The earliest Xerox routers came into operation sometime after early 1974. The first true IP router was developed by Virginia Strazisar at BBN, as part of that DARPA-initiated effort, during 1975-1976. By the end of 1976, three PDP-11-based routers were in service in the experimental prototype Internet. [9]

The first multiprotocol routers were independently created by staff researchers at MIT and Stanford in 1981; the Stanford router was done by William Yeager, and the MIT one by Noel Chiappa; both were also based on PDP-11s. [10] [11] [12] [13]

As virtually all networking now uses IP at the network layer, multiprotocol routers are largely obsolete, although they were important in the early stages of the growth of computer networking, when several protocols other than TCP/IP were in widespread use. Routers that handle both IPv4 and IPv6 arguably are multiprotocol, but in a far less variable sense than a router that processed AppleTalk, DECnet, IP, and Xerox protocols.

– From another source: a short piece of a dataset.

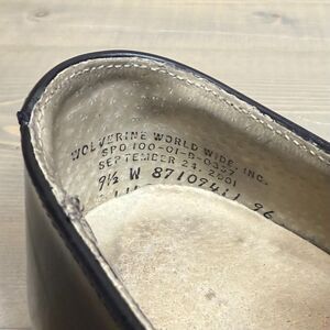 Wolverine World Wide, Inc. US Military dress shoes. Dated 2001. Black leather upper. Rubber sole.
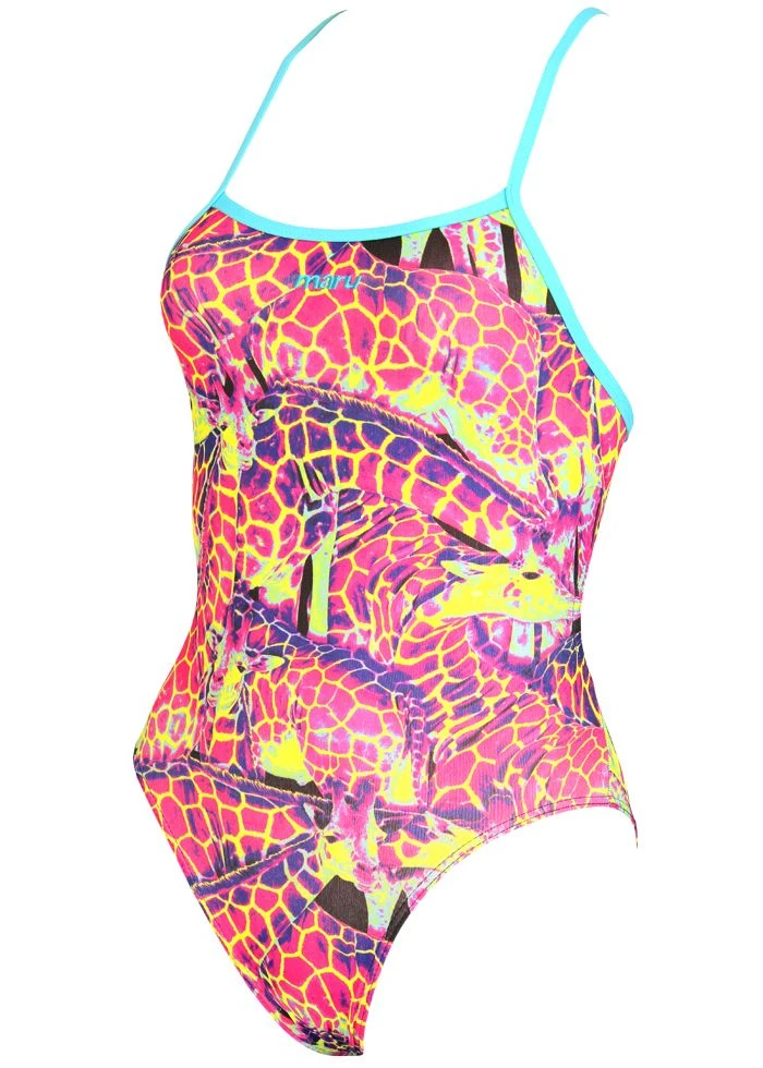 The Neon Giraffe Costume is made with Maru’s Pacer material which provides 100% Chlorine and UV resistance for a more durable swimsuit!.

In the original era of routing (from the mid-1970s through the 1980s), general-purpose mini-computers served as routers. Although general-purpose computers can perform routing, modern high-speed routers are highly specialized computers, generally with extra hardware added to accelerate both common routing functions such as packet forwarding and specialised functions such as IPsec encryption.

Still, there is substantial use of Linux and UNIX machines, running open source routing code, for routing research and selected other applications. While Cisco's operating system was independently designed, other major router operating systems, such as those from Juniper Networks and Extreme Networks, are extensively modified but still have Unix ancestry.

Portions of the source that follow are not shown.